# 4ft fish tank free to good hom e



## mandi1234 (Mar 13, 2009)

i have a 4ft fish tank, does leak but ideal for baby torts. its 4ft long, about 1ft deep and about 1 and a half ft high.
it comes with a black metal stand (needs a coat of paint). 

pm me , you can collect anytime. im in lytham


----------



## mandi1234 (Mar 13, 2009)

does anyone want this......................................going to tip tommorrow evening


----------



## Falkor-Dragons (May 15, 2008)

wheres lytham lol


----------



## mandi1234 (Mar 13, 2009)

about 8 miles before blackpool :lol2:


----------



## Taz Devil (May 20, 2008)

Try posting this on your local freecycle site.

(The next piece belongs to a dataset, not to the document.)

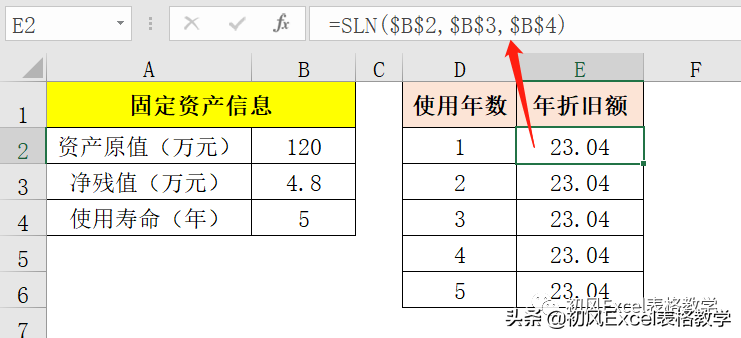 在E2单元格输入公式:=SLN($B$2,$B$3,$B$4)
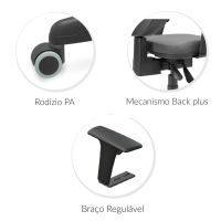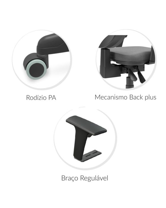 CaracterísticasCadeira Giratória Executiva BackPlus, encosto com regulagem de altura/inclinação e braços reguláveis, em conformidade com a NR17- Tecido: PP (Polipropileno)- Base estrela 5 pés com raio de 575mm, metálica com capa de proteção em nylon preto.- Braços reguláveis: Fixado ao assento a mesma, em polipropileno com regulagem de altura de 70mm. Níveis de regulagem, 7 posições.- 5 Rodízios de 55mm em Poliamida Natural.- Assento com dimensões de 470mm de largura, 440mm de profundidade, 65mm de espessura com cantos arredondados e espuma injetada com densidade de 45 kg/m3 (garantindo maior durabilidade da espuma), de forma levemente adaptada ao corpo. Altura máxima do assento até o chão de 570mm., altura total da cadeira 1080mm- Encosto consiste em uma estrutura em polipropileno copolímero injetado de forma levemente adaptada ao corpo, com dimensões de 420mm de largura por 380mm de altura com espessura de 98mm com cantos arredondados e espuma injetada com densidade de 45kg/m3 (garantindo maior durabilidade da espuma) e 50mm de espessura.- Mecanismo Backsystem: Encosto com regulagem de inclinação e altura, podendo ser ajustado conforme a necessidade do usuário. Produzido em aço 1010/1020 – garantindo maior resistência e segurança ao usuário.- Suporta até 120 kg- Pintura: Époxi (Pintura uniforme, não proporciona oxidação e corrosão. Com Certificado de Conformidade.- Peso Bruto: 15,65kg- Dimensões aproximadas da embalagem: 569mmx374mmx608mm. (0,130m3)- Cadeira 100% nacional- Garantia: 5 anos contra defeitos de fabricação através do SAC PLAXMETAL fone (54) 2107-1800 – [email protected].- Conteúdo da embalagem: 1 par de braços – que será parafusado, 1 encosto pré montado com o mecanismo, 1 assento que será parafusado, 1 pistão que é só encaixar, 1 estrela pré montada com os rodízios e 1 manual de montagem.Laudo técnico em conformidade com a Norma Regulamentadora – NR 17 emitido por médico do trabalho.Laudo de acordo com a NBR 9209/86 atestando que os produtos possuem revestimento em fosfato com massa igual ou superior a 1,2g/m².Laudo emitido por laboratório acreditado pelo INMETRO de acordo com a NBR 10443/08 e resultado de espessura mínima de 70 micras.Certificado de Conformidade emitido por uma OCP acreditada pelo INMETRO, comprovando que o fabricante tem seu processo de preparação e pintura de superfícies metálicas certificado pelo Modelo 5 conforme a PRO-027, garantindo o atendimento e conformidade às normas ABNT NBR 8094, ABNT NBR 8095, ABNT NBR 8096, ABNT NBR 11003, ASTM D 523, ASTM D 3359, ASTM D 3363, ASTM D 7091, NBR 5841, ASTM D 2794, NBR ISO 4628-3.

Someone on there might have a usefor it.


----------



## mandi1234 (Mar 13, 2009)

Taz Devil said:


> Try posting this on your local freecycle site. Someone on there might have a usefor it.


 thats where i got it from lol


----------



## Ruthy (Dec 10, 2007)

OOH i'll have!

Are you free tuesday eve for us to collect?


----------



## mandi1234 (Mar 13, 2009)

hi ruthy, sorry hun its gone


----------



## Ruthy (Dec 10, 2007)

Okies, not a prob


----------